Information supplied.
-- Opening Marker --

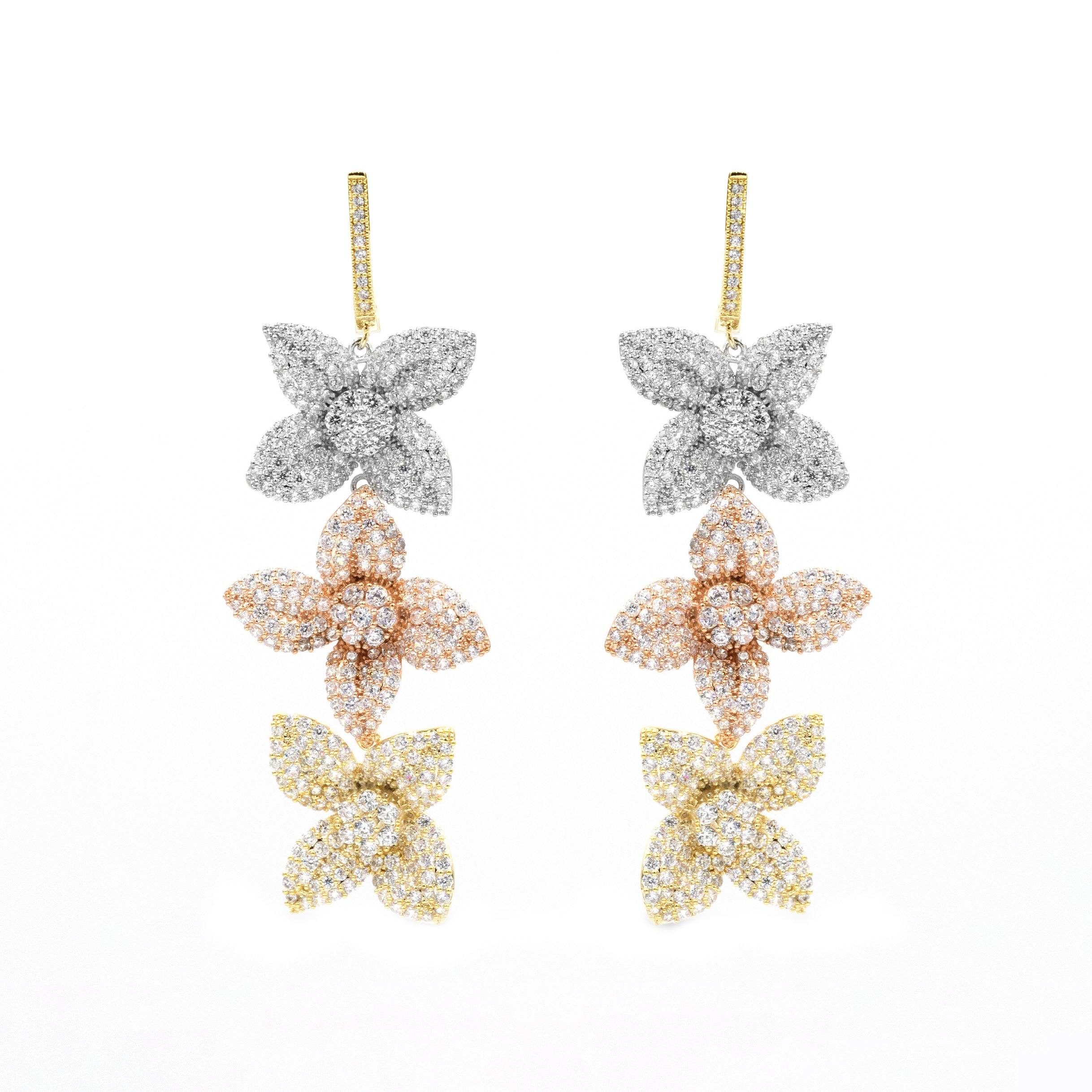 Aretes cascada con 3 flores colgantes plata dorado y oro rosa - chapa de oro 14k
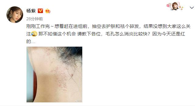 下午6点,杨紫亲自晒出一张脖子后面的照片,从照片上可以看到头发下方有密密麻麻的红点。
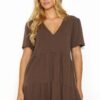 An airy short dress made of lightweight knit fabric is an ideal choice for summer days. Its material guarantees comfort of wearing even in the hottest heat. The dress has short sleeves and a v-neck, which gives it subtlety and feminine charm. A gold plate sewn into the back adds a unique shine and elegance to the dress. The dress is available in a variety of colors, allowing you to choose the shade that perfectly suits your personal style and preferences. This dress is not only an expression of elegance, but also of freedom and lightness, ideal for summer walks, romantic dates or meetings with friends.

-- Closing Marker --

What you have to do.
Could the data above be returned in full, exactly, with every image left out?

Solution below.
 Aretes cascada con 3 flores colgantes plata dorado y oro rosa - chapa de oro 14k
 下午6点,杨紫亲自晒出一张脖子后面的照片,从照片上可以看到头发下方有密密麻麻的红点。
 An airy short dress made of lightweight knit fabric is an ideal choice for summer days. Its material guarantees comfort of wearing even in the hottest heat. The dress has short sleeves and a v-neck, which gives it subtlety and feminine charm. A gold plate sewn into the back adds a unique shine and elegance to the dress. The dress is available in a variety of colors, allowing you to choose the shade that perfectly suits your personal style and preferences. This dress is not only an expression of elegance, but also of freedom and lightness, ideal for summer walks, romantic dates or meetings with friends.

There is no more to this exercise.